Desjardins n’a pas écouté la police
Des policiers assurent avoir averti l’institution de ne pas alerter le suspect du vol de données
L’enquête criminelle sur le mégavol de données personnelles de plus de 4 millions de clients de Desjardins pourrait avoir été compromise parce que l’institution bancaire a alerté le principal suspect, même si la police lui avait clairement dit de ne pas le faire.
En mai 2019, la police de Laval, qui avait amorcé l’enquête « Projet Glaive » suite à des signalements de fraude sur son territoire, a servi une sérieuse mise en garde à Desjardins.
L’institution financière avait alors identifié son ex-employé Sébastien Boulanger-dorval comme l’auteur présumé du vol. Elle désirait récupérer l’ordinateur portable du suspect, ce qui aurait pu lui mettre la puce à l’oreille quant au fait qu’il faisait l’objet d’une enquête.
« NE PAS NUIRE À L’ENQUÊTE »
Le sergent-détective Patrick French, de la police de Laval, s’est alors objecté « fortement à toute action que Desjardins pourrait entreprendre, et ce, compte tenu de l’enquête policière en cours », peut-on lire dans une série d’affidavits rendus disponibles hier par le Directeur des poursuites criminelles et pénales (DPCP).

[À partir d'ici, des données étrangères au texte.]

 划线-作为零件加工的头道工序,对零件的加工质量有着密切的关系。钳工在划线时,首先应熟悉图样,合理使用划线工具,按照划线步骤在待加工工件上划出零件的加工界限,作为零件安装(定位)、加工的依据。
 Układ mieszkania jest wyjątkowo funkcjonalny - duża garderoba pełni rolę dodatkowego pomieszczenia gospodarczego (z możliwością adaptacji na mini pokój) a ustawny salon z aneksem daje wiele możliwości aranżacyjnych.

« [Le policier] répète à plusieurs reprises qu’aucune démarche à l’égard de cet employé ne doit être conduite sans l’accord explicite d’un représentant du Service de police de
Laval, dans le but de ne pas nuire à l’enquête », selon les dénonciations de sa collègue Marie-line Bélair, elle-même sergente-détective à la police de Laval.
Malgré cette mise en garde, Desjardins a entrepris plusieurs démarches dans les jours suivants, dont la fouille du bureau de Boulanger-dorval, à Lévis, et la saisie de documents sur les lieux.

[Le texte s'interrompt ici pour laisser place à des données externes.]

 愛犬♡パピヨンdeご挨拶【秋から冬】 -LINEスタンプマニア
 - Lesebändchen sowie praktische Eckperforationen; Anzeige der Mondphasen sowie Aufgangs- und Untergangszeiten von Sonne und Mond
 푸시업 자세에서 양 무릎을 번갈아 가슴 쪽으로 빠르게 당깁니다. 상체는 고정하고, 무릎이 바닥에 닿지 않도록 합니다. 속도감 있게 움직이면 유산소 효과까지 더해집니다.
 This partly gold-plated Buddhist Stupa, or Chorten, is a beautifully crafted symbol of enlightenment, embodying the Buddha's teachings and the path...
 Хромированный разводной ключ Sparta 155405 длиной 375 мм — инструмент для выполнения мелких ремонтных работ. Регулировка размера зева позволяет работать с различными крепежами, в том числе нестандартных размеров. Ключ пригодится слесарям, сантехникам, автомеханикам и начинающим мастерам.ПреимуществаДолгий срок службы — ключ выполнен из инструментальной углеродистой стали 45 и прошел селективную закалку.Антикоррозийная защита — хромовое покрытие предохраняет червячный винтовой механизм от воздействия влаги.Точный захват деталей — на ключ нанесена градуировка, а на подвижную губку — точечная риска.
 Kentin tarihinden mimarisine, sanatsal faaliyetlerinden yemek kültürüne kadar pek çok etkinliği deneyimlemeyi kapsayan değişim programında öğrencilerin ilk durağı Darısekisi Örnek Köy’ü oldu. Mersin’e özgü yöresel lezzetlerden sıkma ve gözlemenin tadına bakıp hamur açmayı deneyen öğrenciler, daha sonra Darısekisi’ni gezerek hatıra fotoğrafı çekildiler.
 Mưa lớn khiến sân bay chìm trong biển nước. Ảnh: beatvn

Les policiers en auraient été avisés a posteriori, lit-on dans les documents dont plusieurs passages ont été caviardés par la Couronne et par Desjardins.
CLIMAT DE MÉFIANCE
Au cours des derniers mois, plusieurs reportages ont fait état de difficultés de collaboration entre la police et Desjardins. En février, notre Bureau d’enquête citait une source bien au fait du dossier, qui déplorait « un fort climat de méfiance entre Desjardins et les policiers qui enquêtent sur le vol massif de données ».
Nous révélions également que la Sûreté du Québec (SQ) avait passé quatre jours cet hiver à perquisitionner les bureaux de Desjardins au centre-ville de Montréal.
Les policiers avaient alors saisi la Cour supérieure de la possibilité que Desjardins refuse de leur remettre certains documents utiles à l’enquête, en invoquant le privilège avocat-client.
Le PDG de Desjardins Guy Cormier s’était alors défendu en assurant avoir demandé à tous ses employés de collaborer avec la police.
En juin 2020, le 98,5 FM et La Presse ont également cité des policiers mécontents, selon qui l’institution financière était davantage intéressée à « protéger son image » qu’à permettre l’arrestation des suspects.